### TRY IT
Would it be possible to write out each entry below exactly, without the pictures?

───── RECORDS FOR THIS TASK ─────

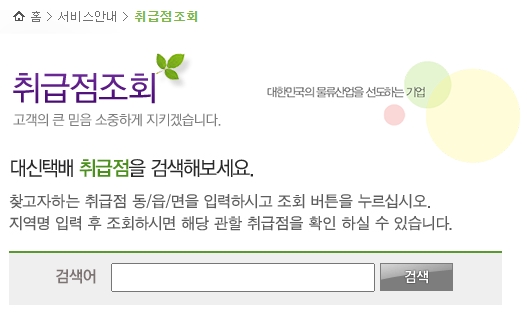 대신택배 취급점을 검색해볼 수 있는데요, 찾고자하는 취급점 동/읍/면을 입력하시고 [조회] 버튼을 누르시면 됩니다. 지역명 입력 후 조회하시면 해당 관할 취급점을 확인할 수 있습니다.
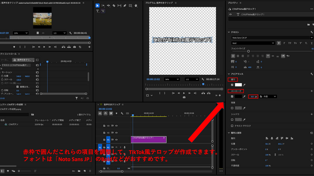 Premiere Proの「エッセンシャルグラフィックス」で、TikTok風のテロップを作成しましょう。
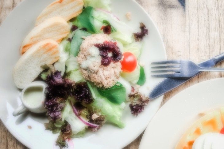 可以利用環(huán)境或者自己的一些小物件來協(xié)助拍攝,比如隨身攜帶的紙巾就可以作為臨時的“反光板”。還可結(jié)合餐具,讓畫面更豐富多元。
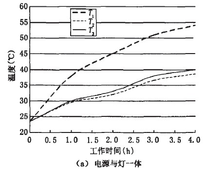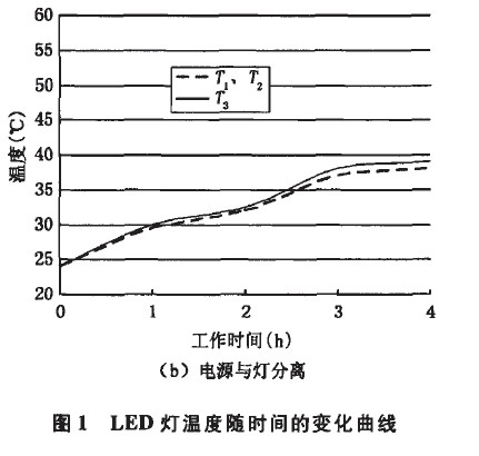 由于電源本身產(chǎn)生一定的熱量,使得LED燈上的熱量來(lái)源增加。同時(shí),電源與燈一體設(shè)計(jì)使得LED燈整體受熱不均,這些因素都會(huì)導(dǎo)致燈具發(fā)生疲勞和早期失效,而影響其壽命。圖1為L(zhǎng)ED燈溫度隨工作時(shí)間的變化曲線(xiàn),圖中T1為放置電源處溫度,T2為遠(yuǎn)離電源處溫度,T3為燈體中心溫度。從圖中看出,隨著工作時(shí)間的增加,圖1(a)中T1遠(yuǎn)大于T2和T3;圖1(b)中T1與T2兩曲線(xiàn)重合,T3略大于T1和T2。可見(jiàn)分離電源后,整燈的溫度分布很均勻。
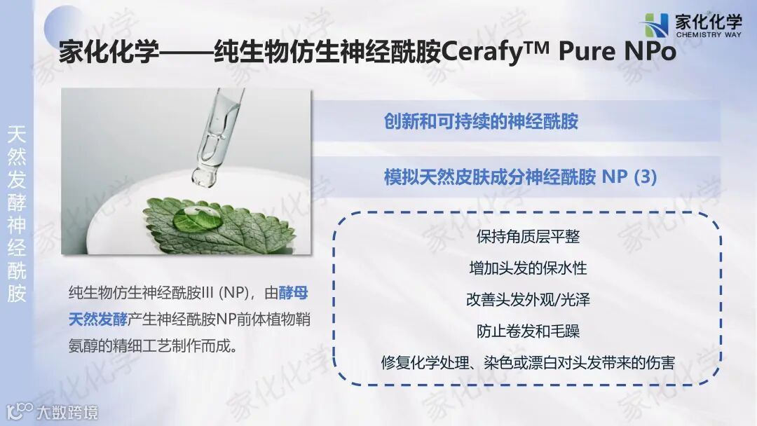 其中纯生物仿生神经酰胺Cerafy™ Pure NPo,是一款天然发酵神经酰胺,能够模拟天然皮肤成分,为头皮头发提供深层的滋养与保护,保持角质层平整,增加头发的保水性。
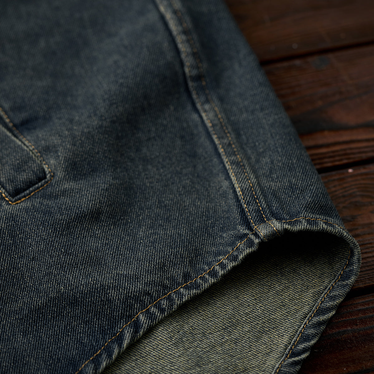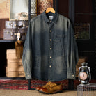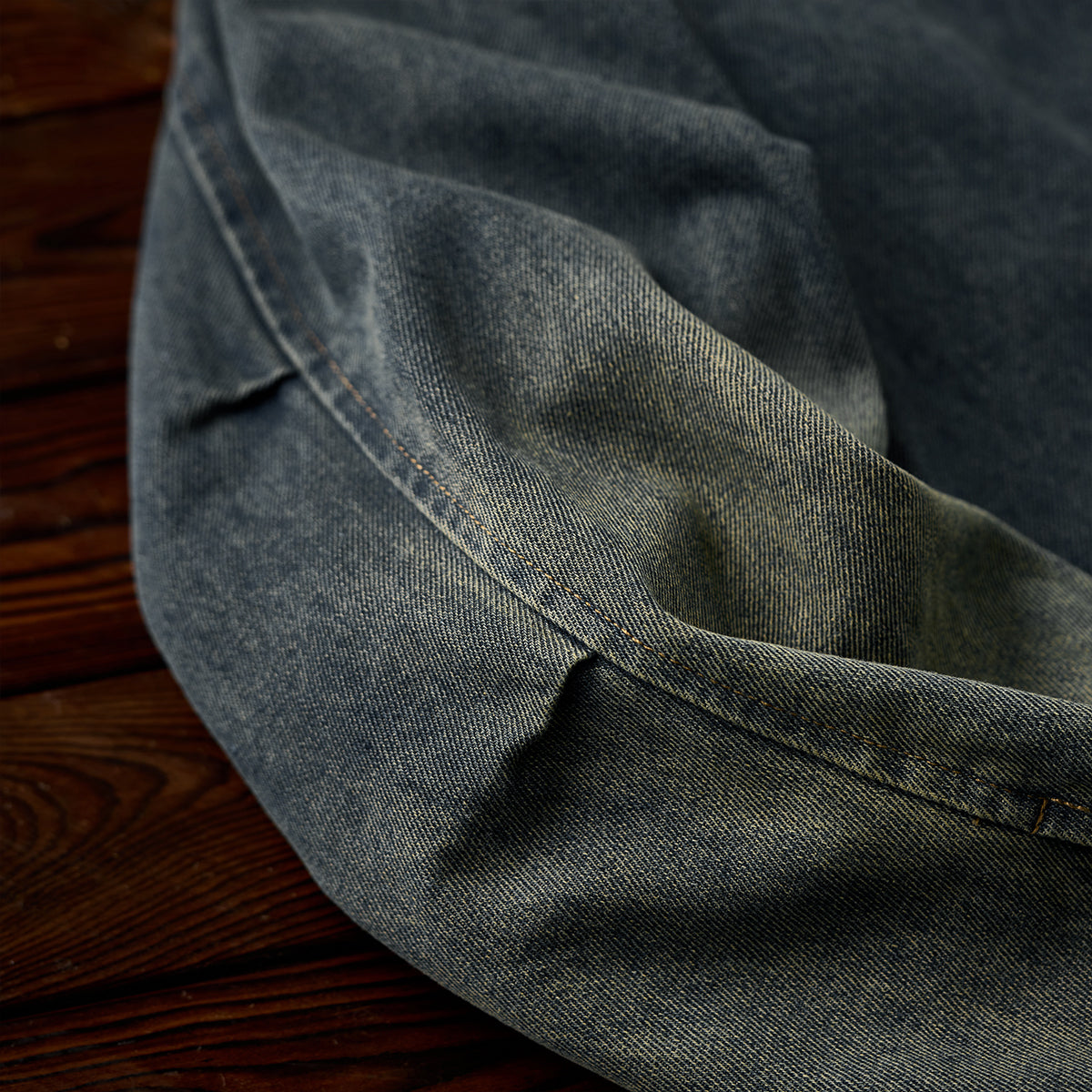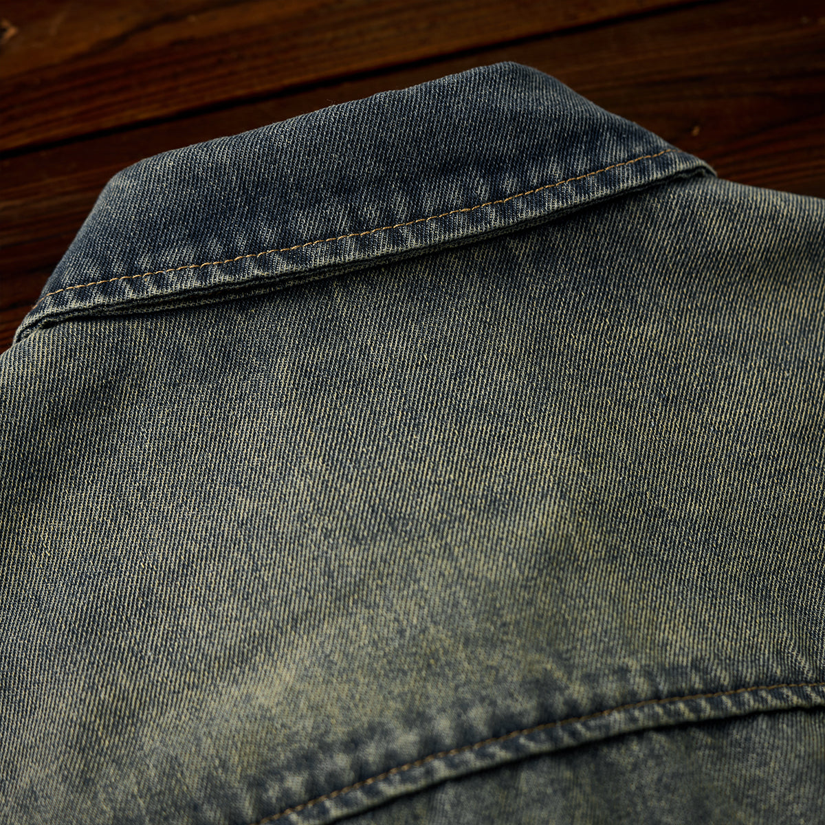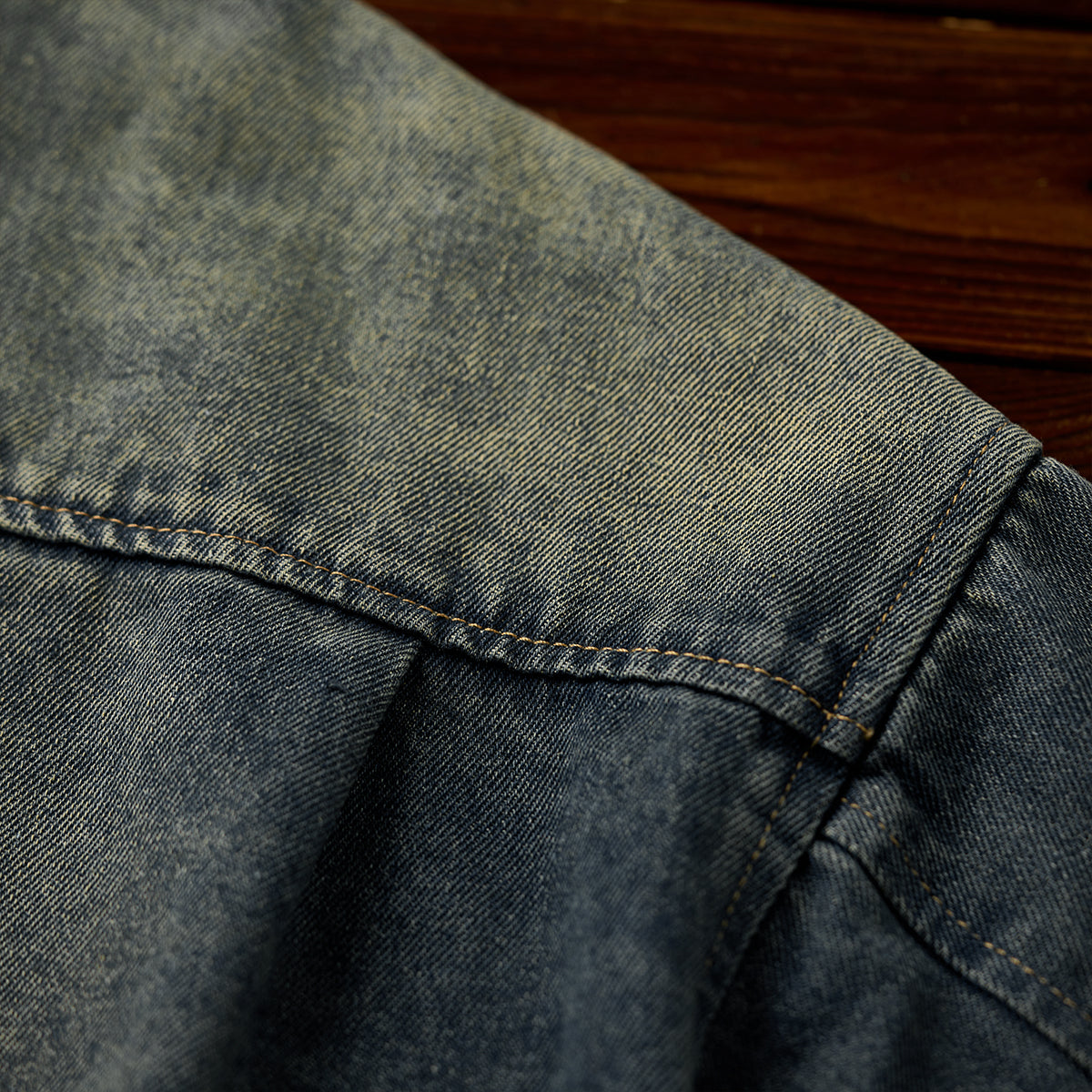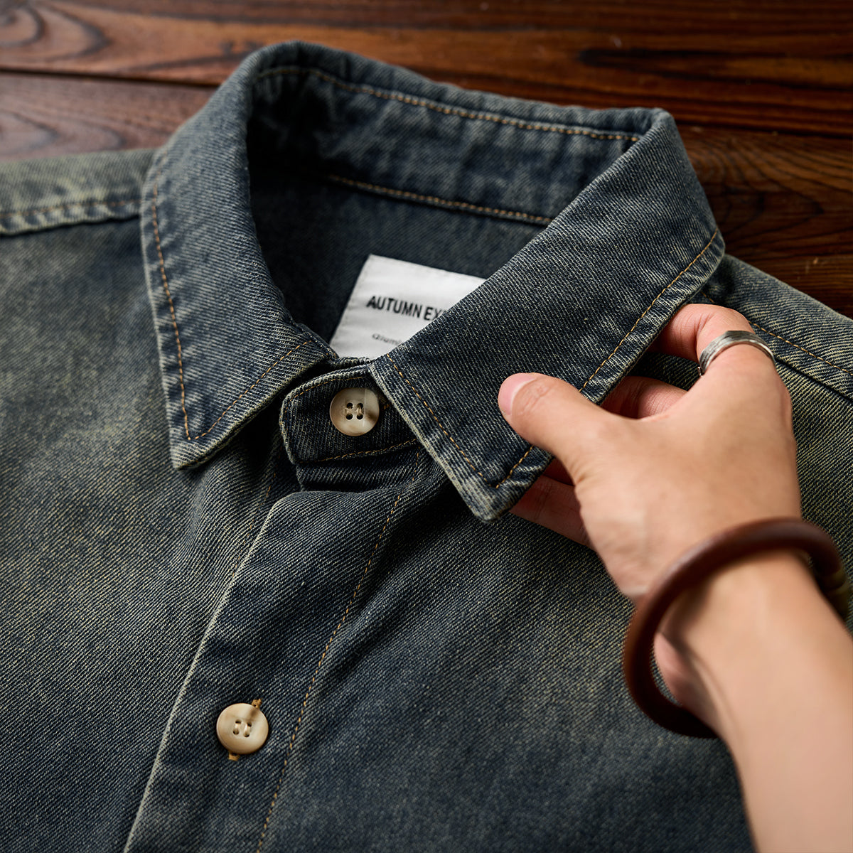 重ねる胸ポケット付き ウォッシュ加工デニム長袖シャツ
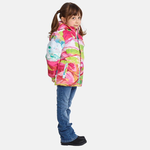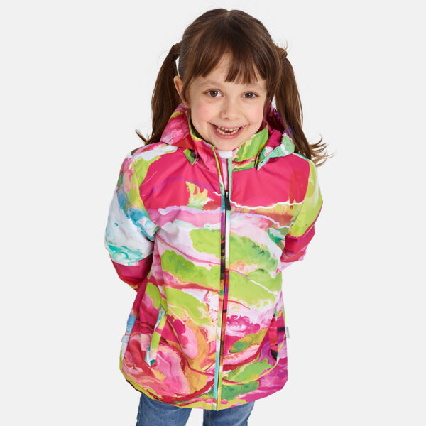 Children´s waterproof and windproof jacket. Breathable outer fabric. Rubber band incorporated in the sleeve ends, hood edge, and back waist. The removable hood attaches to the collar with press studs. Reflective details on the front and back.
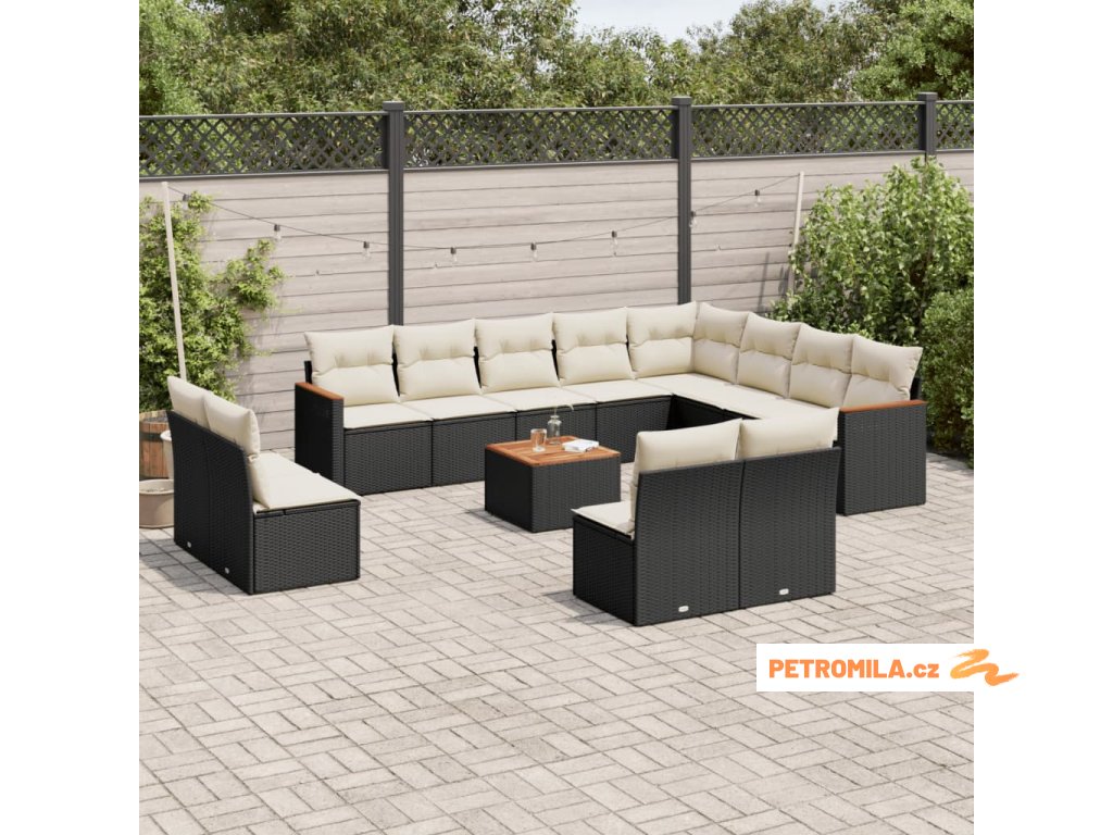 13dílný zahradní sedací souprava s poduškami černý polyratan
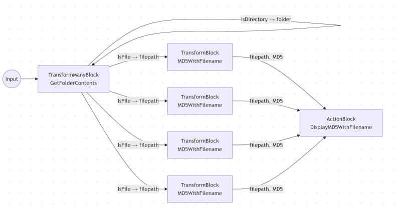 TPL Dataflow enables recursion through graph structure rather than explicit method calls by linking a block's output back to its own input using predicates. A TransformManyBlock can process directory entries, routing subdirectories back to itself while forwarding files to downstream processing blocks. This approach provides
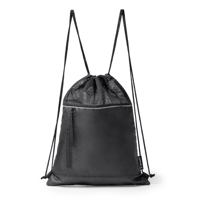 Turnbeutel mit Kordeln aus recyceltem Kunststoff, 210D-Finish und Netzpaneelen oben und auf der Rückseite für bessere Belüftung. Er verfügt über eine äußere Fronttasche, in der Sie kleine Gegenstände verstauen und tagsüber griffbereit haben. Der vordere Reflexstreifen verbessert die Sichtbarkeit bei Wegen in der Stadt, und der Reißverschlussanhänger der Tasche ist farblich auf den Beutel abgestimmt. Leicht und bequem – ideal als Geschenk bei Veranstaltungen, Messen oder internen Maßnahmen der Personalabteilung.
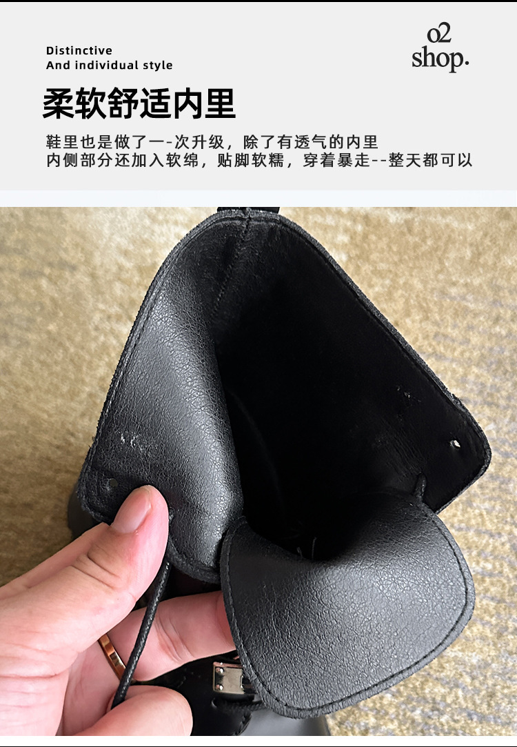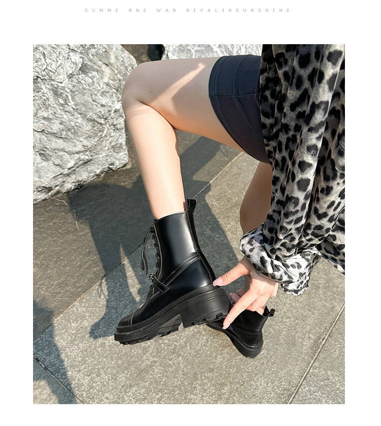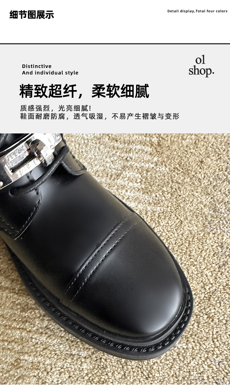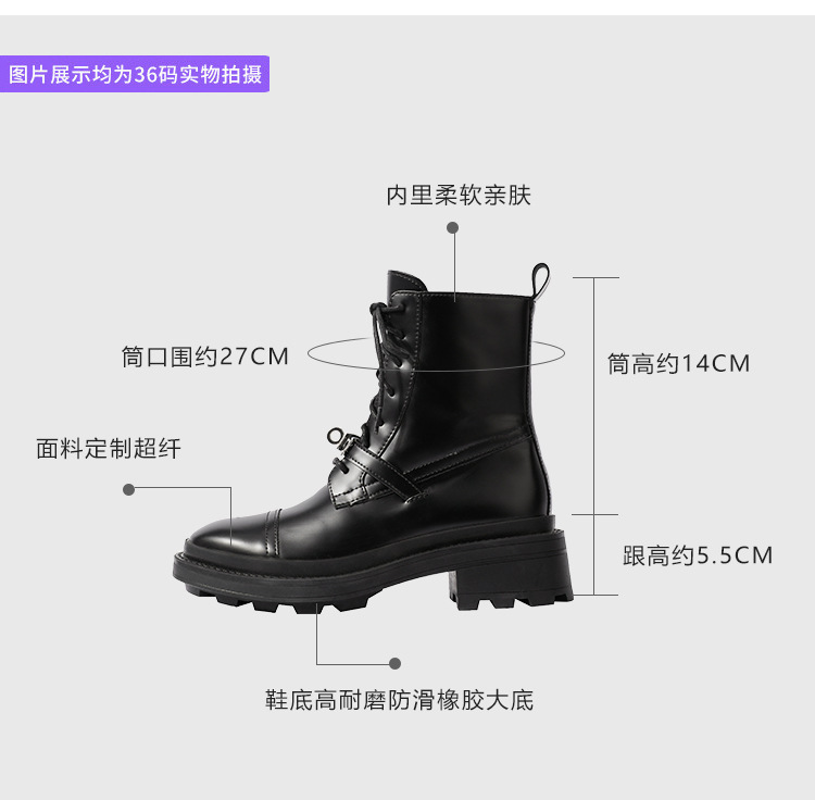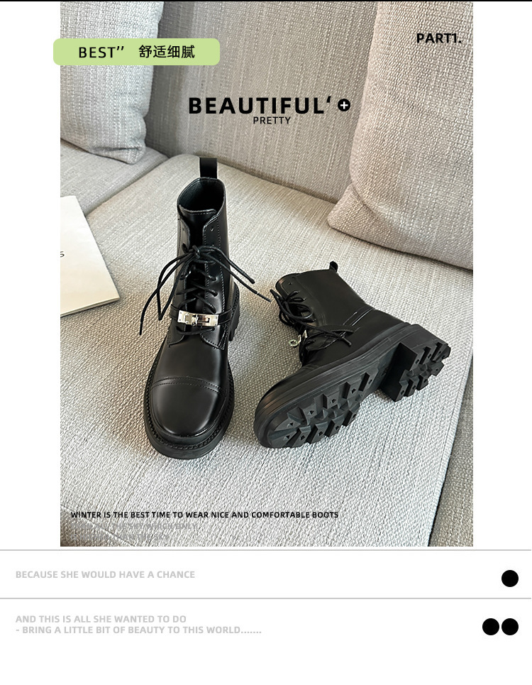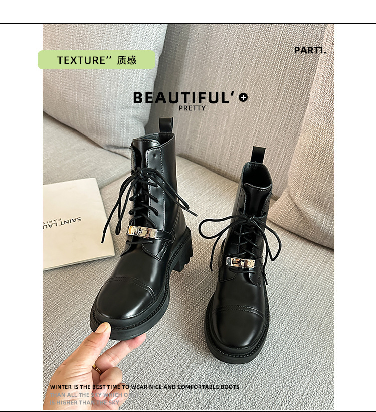 Niche Martins 부츠 여성 2024 새로운 도착 부츠 영국 스타일 레이스 업 라운드 헤드 두꺼운 하단 작은 실버 버클 두꺼운 힐 발목 부츠 여성

─────

### SOLUTION FOR THIS PROBLEM
 대신택배 취급점을 검색해볼 수 있는데요, 찾고자하는 취급점 동/읍/면을 입력하시고 [조회] 버튼을 누르시면 됩니다. 지역명 입력 후 조회하시면 해당 관할 취급점을 확인할 수 있습니다.
 Premiere Proの「エッセンシャルグラフィックス」で、TikTok風のテロップを作成しましょう。
 可以利用環(huán)境或者自己的一些小物件來協(xié)助拍攝,比如隨身攜帶的紙巾就可以作為臨時的“反光板”。還可結(jié)合餐具,讓畫面更豐富多元。
 由于電源本身產(chǎn)生一定的熱量,使得LED燈上的熱量來(lái)源增加。同時(shí),電源與燈一體設(shè)計(jì)使得LED燈整體受熱不均,這些因素都會(huì)導(dǎo)致燈具發(fā)生疲勞和早期失效,而影響其壽命。圖1為L(zhǎng)ED燈溫度隨工作時(shí)間的變化曲線(xiàn),圖中T1為放置電源處溫度,T2為遠(yuǎn)離電源處溫度,T3為燈體中心溫度。從圖中看出,隨著工作時(shí)間的增加,圖1(a)中T1遠(yuǎn)大于T2和T3;圖1(b)中T1與T2兩曲線(xiàn)重合,T3略大于T1和T2。可見(jiàn)分離電源后,整燈的溫度分布很均勻。
 其中纯生物仿生神经酰胺Cerafy™ Pure NPo,是一款天然发酵神经酰胺,能够模拟天然皮肤成分,为头皮头发提供深层的滋养与保护,保持角质层平整,增加头发的保水性。
 重ねる胸ポケット付き ウォッシュ加工デニム長袖シャツ
 Children´s waterproof and windproof jacket. Breathable outer fabric. Rubber band incorporated in the sleeve ends, hood edge, and back waist. The removable hood attaches to the collar with press studs. Reflective details on the front and back.
 13dílný zahradní sedací souprava s poduškami černý polyratan
 TPL Dataflow enables recursion through graph structure rather than explicit method calls by linking a block's output back to its own input using predicates. A TransformManyBlock can process directory entries, routing subdirectories back to itself while forwarding files to downstream processing blocks. This approach provides
 Turnbeutel mit Kordeln aus recyceltem Kunststoff, 210D-Finish und Netzpaneelen oben und auf der Rückseite für bessere Belüftung. Er verfügt über eine äußere Fronttasche, in der Sie kleine Gegenstände verstauen und tagsüber griffbereit haben. Der vordere Reflexstreifen verbessert die Sichtbarkeit bei Wegen in der Stadt, und der Reißverschlussanhänger der Tasche ist farblich auf den Beutel abgestimmt. Leicht und bequem – ideal als Geschenk bei Veranstaltungen, Messen oder internen Maßnahmen der Personalabteilung.
 Niche Martins 부츠 여성 2024 새로운 도착 부츠 영국 스타일 레이스 업 라운드 헤드 두꺼운 하단 작은 실버 버클 두꺼운 힐 발목 부츠 여성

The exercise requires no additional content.